Full integration with [Neptune.ai](https://neptune.ai) for experiment tracking:

```elixir
# Setup:
# export NEPTUNE_API_TOKEN="your-api-token"
# export NEPTUNE_PROJECT="workspace/project-name"

{:ok, logger} = Logging.create_logger(:neptune,
  api_token: System.get_env("NEPTUNE_API_TOKEN"),
  project: System.get_env("NEPTUNE_PROJECT")
)

# Get run URL
url = Logging.get_url(logger)
# => "https://app.neptune.ai/workspace/project-name/e/RUN-1"

# Same logging API as other backends
Logging.log_hparams(logger, %{model: "deepseek-v3", batch_size: 64})
Logging.log_metrics(logger, step, %{loss: 0.3, grad_norm: 1.2})
Logging.close(logger)
```

**Rate Limiting**: Enabled by default with 200ms minimum interval. Configure the same way as W&B.

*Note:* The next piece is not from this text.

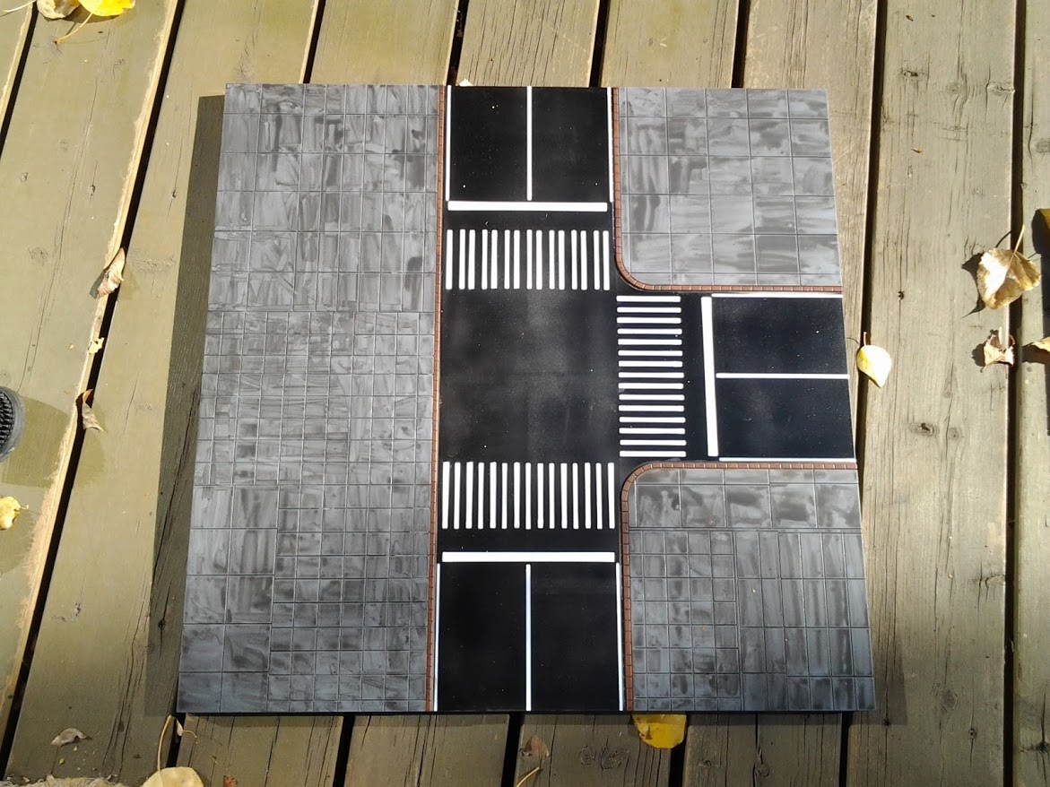 I have completed the next step to finishing the Games and Gears Hawk Urban Battle Boards. Each tile has been shaded- grey concrete with Nuln Oil, grass with Coelia Greenshade, and the brick with Agrax Earthshade. The Nuln Oil looks streaky but I have confidence that it will not be an issue when the project is complete.

### Rate Limit Configuration

Both W&B and Neptune loggers support the following rate limit options:

| Option | Default (W&B) | Default (Neptune) | Description |
|--------|---------------|-------------------|-------------|
| `min_interval_ms` | 500 | 200 | Minimum ms between requests |
| `max_retries` | 3 | 3 | Retry attempts on 429 |
| `base_backoff_ms` | 1000 | 1000 | Initial backoff duration |
| `max_backoff_ms` | 30000 | 30000 | Maximum backoff cap |

## Evaluation & Scoring

Pluggable scoring system for model evaluation:

```elixir
alias CrucibleTrain.Eval.{Scoring, BatchRunner}

# Score individual outputs
Scoring.score(:exact_match, "Paris", "Paris")     # => 1.0
Scoring.score(:contains, "The answer is 42", "42") # => 1.0

# Streaming batch evaluation
results =
  samples
  |> BatchRunner.stream_evaluate(config, chunk_size: 25)
  |> Enum.to_list()

metrics = BatchRunner.aggregate_metrics(results)
# => %{mean_score: 0.85, total: 100, correct: 85}
```

## Learning Rate Scheduling

Flexible LR schedules with warmup support:

```elixir
alias CrucibleTrain.Supervised.Config

# Cosine annealing with warmup
config = %Config{
  learning_rate: 1.0e-4,
  lr_schedule: {:warmup, 100, :cosine}
}

# Available schedules: :constant, :linear, :cosine
# Warmup: {:warmup, warmup_steps, base_schedule}
```

## Examples

See the `examples/` directory for runnable demos:

```bash
# Run all local examples
./examples/run_all.sh

# Run individual examples
mix run --no-start examples/json_logger_example.exs
mix run --no-start examples/wandb_logger_example.exs
mix run --no-start examples/scoring_example.exs
```

| Example | Description |
|---------|-------------|
| `json_logger_example.exs` | Local JSONL logging |
| `pretty_print_logger_example.exs` | Console table output |
| `multiplex_logger_example.exs` | Multiple backends |
| `wandb_logger_example.exs` | Weights & Biases |
| `neptune_logger_example.exs` | Neptune.ai |
| `scoring_example.exs` | Evaluation scoring |
| `batch_runner_example.exs` | Batch evaluation |
| `lr_scheduling_example.exs` | LR schedules |

See [`examples/README.md`](examples/README.md) for setup instructions for cloud services.

## Documentation

Full documentation available at [HexDocs](https://hexdocs.pm/crucible_train).

## License

MIT License - see [LICENSE](LICENSE) for details.